I have one Document having id,name,description,datetime,userid fields.
From these all fields only 2 fields name,description can be in any
languages english, german etc.
Can you please explain following sentence with example? or suggest me
what approach I will follow for better performance?
How about using a single field called x using the standard analyzer, and
x_[langId] for each language? You can use dynamic mapping to automatically
map analysis parameters for *_en, or *_de etc.
Please give an example for automatically map analysis.
I have to use Java API for this. So is it possible with Java API?

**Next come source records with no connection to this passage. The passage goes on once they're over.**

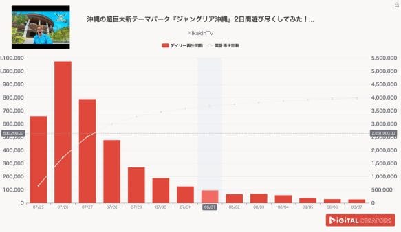 月間マルチYouTube再生回数ランキングを発表!『HikakinTV』、話題沸騰の「ジャングリア沖縄」を先行体験!ミニキンちゃんの成長動画も3位にランクイン!ヒカル、親友・青笹氏への想いを綴る。
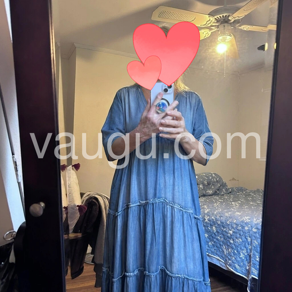 Blue Denim Plain 3/4 Sleeve Maxi Dress
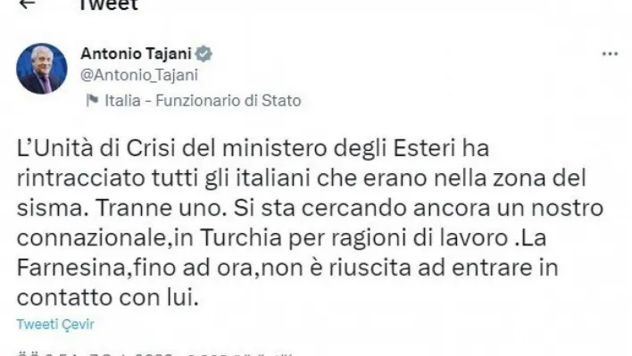 İtalya Başbakan Yardımcısı ve Dışişleri Bakanı Antonio Tajani, Türkiye'de deprem bölgesinde bulunan İtalyanlarla temasa geçtiklerini, 1 İtalyan'a ise ulaşamadıklarını açıkladı.
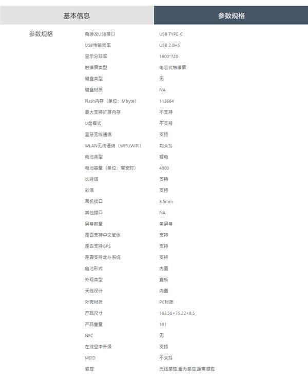 其他方面,机身内置4000mAh电池,支持5W充电,整体厚8.5mm,重191g,提供3.5mm耳机孔、USB Type-C接口。
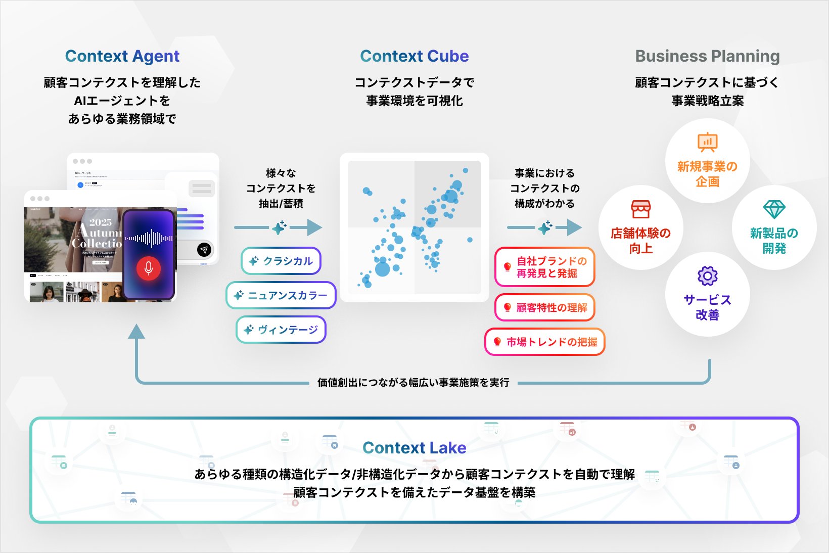 顧客コンテクストを自動で理解するContext Lakeの提供においては、そこで抽出・蓄積された顧客コンテクストとコンテクストデータを顧客体験価値向上や事業戦略策定につなげるためのAIとして、コンテクストデータで事業環境を可視化して戦略策定につなげる「Context Cube(コンテクスト キューブ)」と、顧客コンテクストを理解したAIエージェントをあらゆる業務領域で実装する「Context Agent(コンテクスト エージェント)」も併せて活用できます。
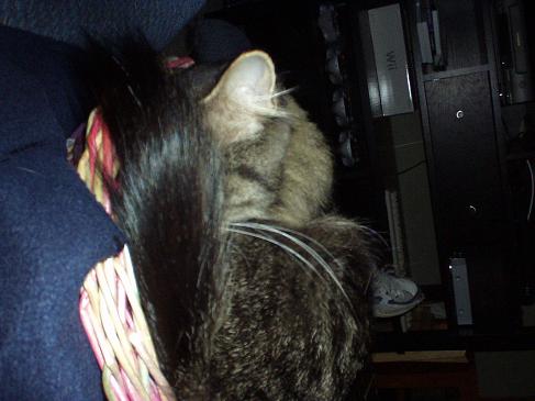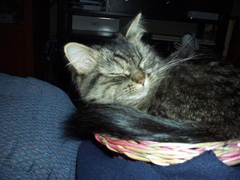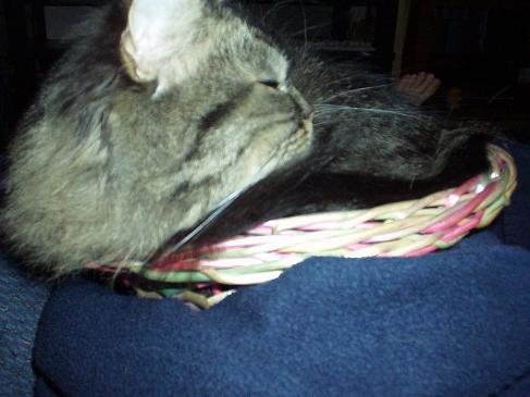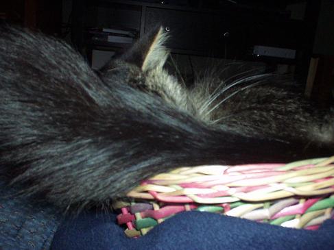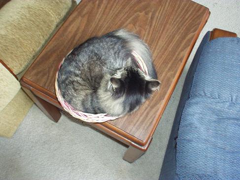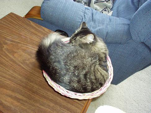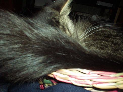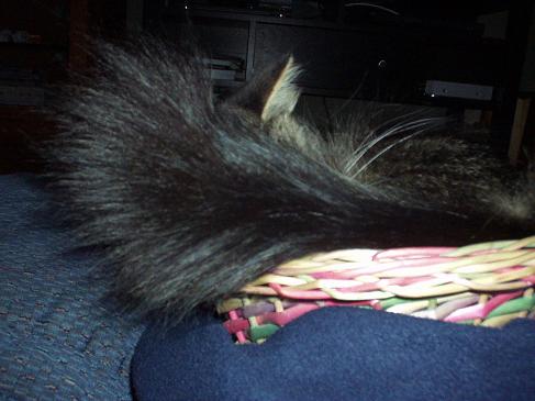 That's quite a tail; how fluffy! Aren't they a riot? My Pidge is my largest cat but she found a bowl that I kept in the center of the table in the patio room and that's where she decided she liked to curl up. Don't bother w/the nice bed I got for ya. That's no good!

On Wednesday, March 7, 2012 4:58:17 PM UTC+5:30, kimchy wrote:
It makes sense, the problem with using different analyzers on the same
field is that all those tokens, from the different languages, end up under
the same field, so its "kindda dirty". How about using a single field
called x using the standard analyzer, and x_[langId] for each language? You
can use dynamic mapping to automatically map analysis parameters for *_en,
or *_de (and so on, see more here under dynamic templates:
On Tuesday, March 6, 2012 at 11:17 PM, barnybug wrote:
Thanks for the response.
Currently we're indexing a set of documents in different languages and
using _analyzer mapping to determine the per doc stemming analyzer.
What we'd like to do is index some fields of the documents both stemmed
and unstemmed (eg. english analyzer to produce stemmed English and
'standard' analyzer to produce unstemmed). So using a multi_field seems
applicable, but then the two analyzers are fixed. Kind of need to specify
two _analyzer fields.
Essentially the customer wants to be able to do both stemmed (language
specific) searches and unstemmed (general) searches. This comes down to a
requirement to be able to match names, proper nouns, etc in cases where
stemming may interfere but there's no definitive list of these terms that
should not be stemmed.
We considered an index per language but it's quite a high number of
languages we're dealing so would likely be too many indexes.

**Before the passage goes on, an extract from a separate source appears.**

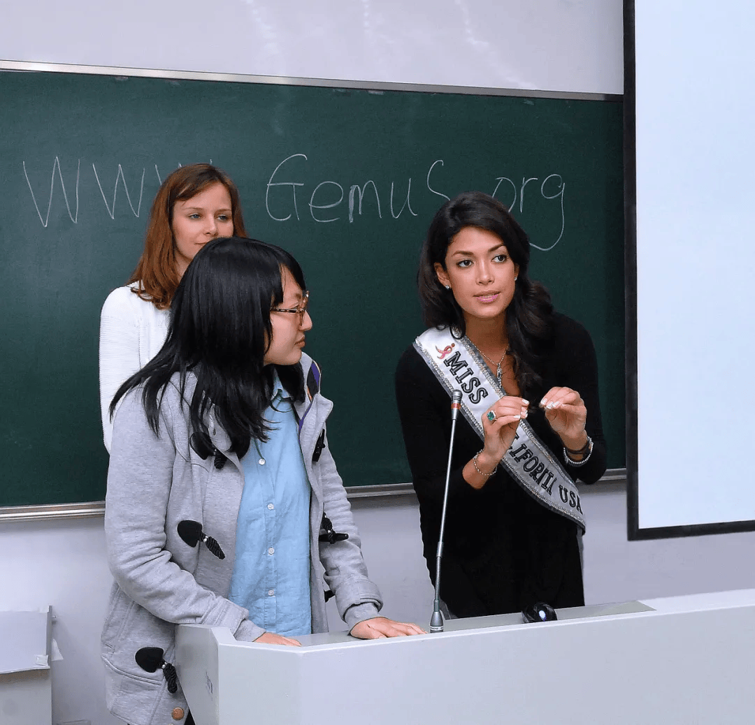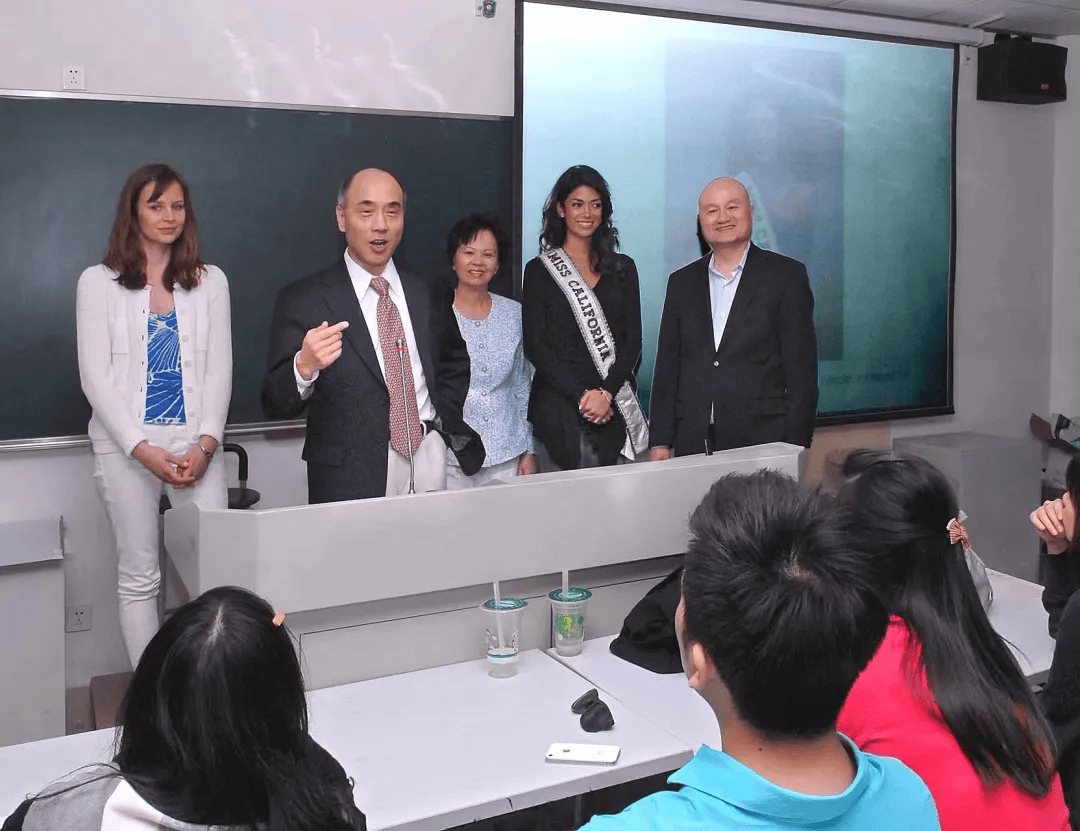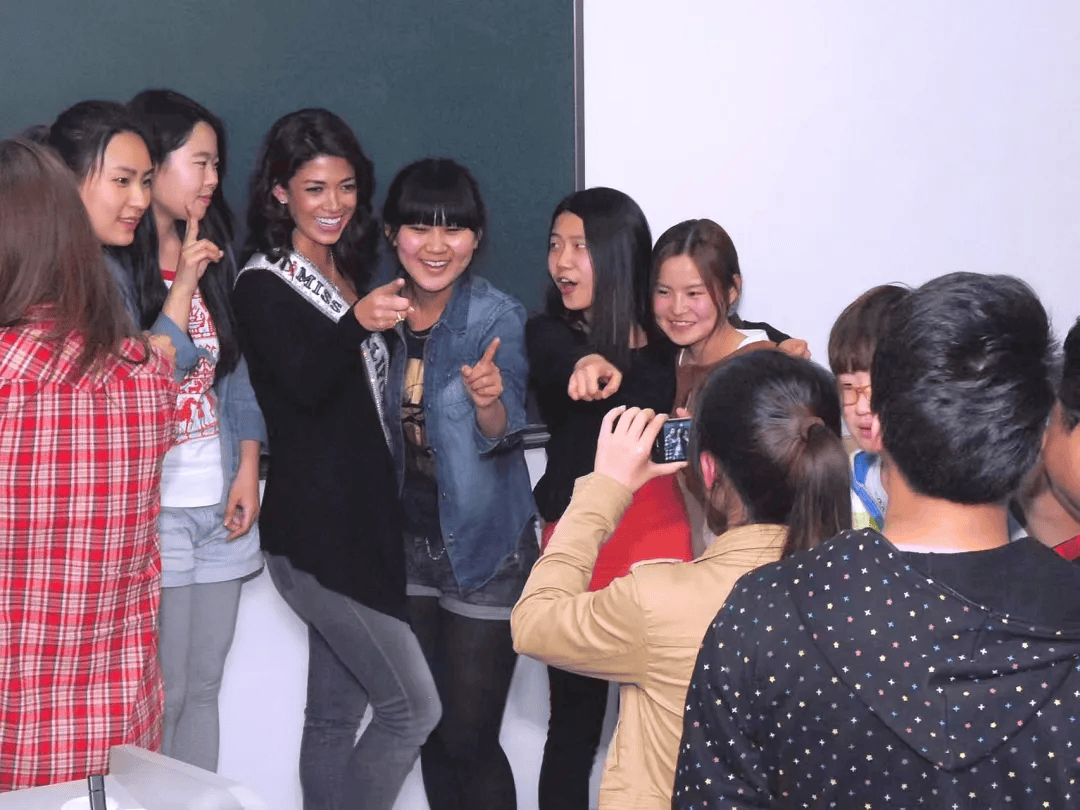 五月的上海,正是风光最好的时节。和煦春风携着明媚暖阳,也将这位特殊的嘉宾送到了他们身边。妮可抵达上海后的第二天上午,George Shen驱车带她前往复旦大学上海视觉艺术学院。当她身披 “加州小姐” 绶带走进教室的那一刻,同学们立刻报以雷鸣般的掌声。眼前热情又礼貌的欢迎场面,让妮可喜出望外,她满面春风,频频颔首向大家致意。

Using a field per language also presents issues - to do the general
unstemmed searches would require querying across many fields.
Alternatively we were considering if it'd be easy to develop a tokenizer
that wrapped existing stemming tokenizers but also produced the original
term in addition to the stemmed term.
Sorry if that makes less than perfect sense!

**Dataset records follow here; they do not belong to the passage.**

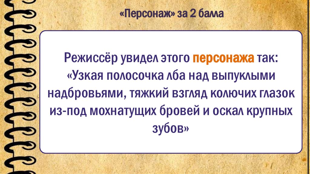 «Персонаж» за 2 баллаРежиссёр увидел этого персонажа так:
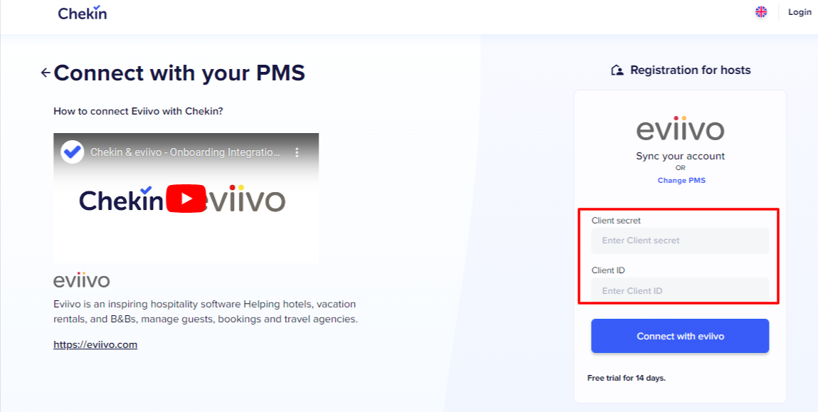 Welcome! We are glad you have opted for our solution! This is a quick guide to help you connect your Eviivo account to Chekin and configure your Chekin account properly.
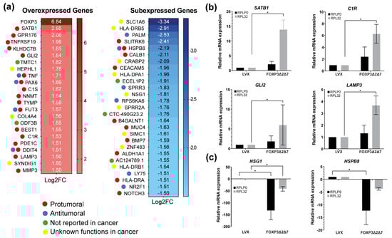 Identification of differentially expressed genes by FOXP3Δ2Δ7 exogenous expression. (a) Differentially expressed genes heatmap selected by −1.5 ≤ Log2(fold change) ≥ 1.5, p-value < 0.05; code color indicates a review of what has been previously published about that gene; (b) relative mRNA expression of upregulated genes by qPCR; RPLP0 and RPL32 were used as reference genes; (c) relative mRNA expression of downregulated genes by qPCR; RPLP0 and RPL32 were used as reference genes. (*) depicts statistical significance with a p-value < 0.05.
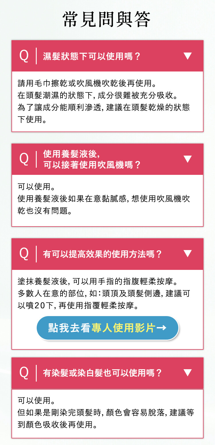 使用方式:噴適量於頭皮後,用指腹輕揉按摩。
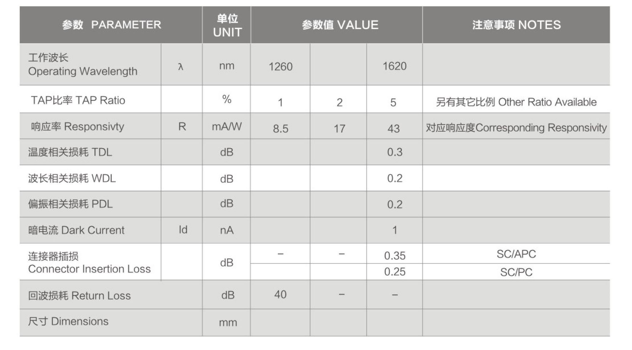 雙芯尾纖式結構,實現(xiàn)一定比例的光透射到探測器,其余的光反射到另一根光纖。用于WDM網(wǎng)絡監(jiān)控、光纖放大器、光開關等。
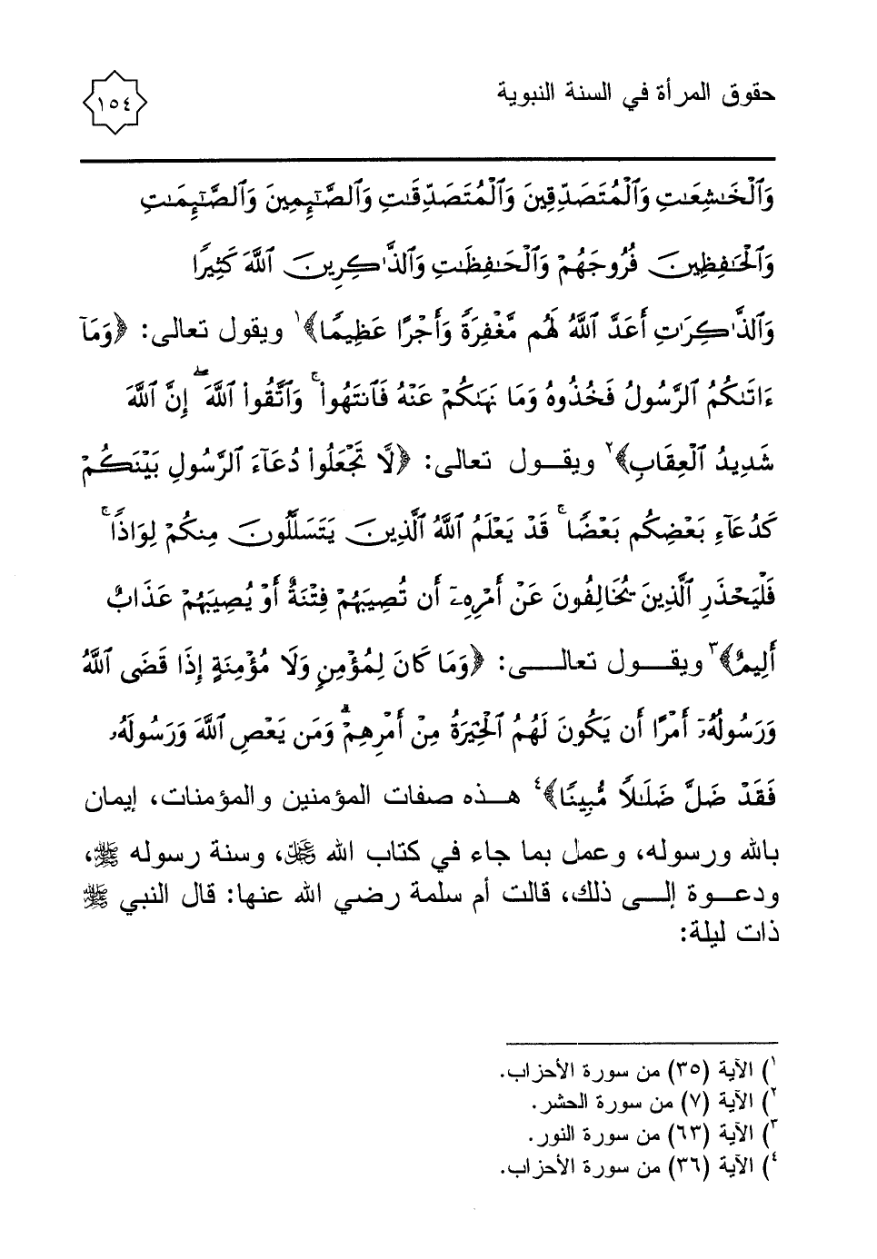 وَالْخَاشِعَاتِ وَالْمُتَصَدِّقِينَ وَالْمُتَصَدِّقَاتِ وَالصَّائِمِينَ وَالصَّائِمَاتِ وَالْحَافِظِينَ فُرُوجَهُمْ وَالْحَافِظَاتِ وَالذَّاكِرِينَ اللَّهَ كَثِيرًا وَالذَّاكِرَاتِ أَعَدَّ اللَّهُ لَهُمْ مَغْفِرَةً وَأَجْرًا عَظِيمًا} (¬1) ويقول تعالى: {وَمَا آتَاكُمُ الرَّسُولُ فَخُذُوهُ وَمَا نَهَاكُمْ عَنْهُ فَانْتَهُوا} (¬2) ويقول تعالى: {لَا تَجْعَلُوا دُعَاءَ الرَّسُولِ بَيْنَكُمْ كَدُعَاءِ بَعْضِكُمْ بَعْضًا قَدْ يَعْلَمُ اللَّهُ الَّذِينَ يَتَسَلَّلُونَ مِنْكُمْ لِوَاذًا فَلْيَحْذَرِ الَّذِينَ يُخَالِفُونَ عَنْ أَمْرِهِ أَنْ تُصِيبَهُمْ فِتْنَةٌ أَوْ يُصِيبَهُمْ عَذَابٌ أَلِيمٌ} (¬3) ويقول تعالى: {وَمَا كَانَ لِمُؤْمِنٍ وَلَا مُؤْمِنَةٍ إِذَا قَضَى اللَّهُ وَرَسُولُهُ أَمْرًا أَنْ يَكُونَ لَهُمُ الْخِيَرَةُ مِنْ أَمْرِهِمْ وَمَنْ يَعْصِ اللَّهَ وَرَسُولَهُ فَقَدْ ضَلَّ ضَلَالًا مُبِينًا} (¬4) هذه صفات المؤمنين والمؤمنات، إيمان بالله ورسوله، وعمل بما جاء في كتاب الله - عز وجل -، وسنة رسوله - صلى الله عليه وسلم -، ودعوة إلى ذلك، قالت أم سلمة رضي الله عنها: قال النبي - صلى الله عليه وسلم - ذات ليلة:

On Tuesday, 6 March 2012 20:29:57 UTC, kimchy wrote:
No, you can't specify it per field, though why do you want it? Usually,
having a different analyzer for each document does't make a lot of sense.
Usually, it makes more sense to have different fields.
On Tuesday, March 6, 2012 at 6:01 PM, barnybug wrote:
I understand you can specify the analyzer per document at index time
using the _analyzer field in mapping, but is it possible to specify it
in the same way but per field at index time?
Or if not currently possible, how easy to add (happy to have a crack
at it myself)?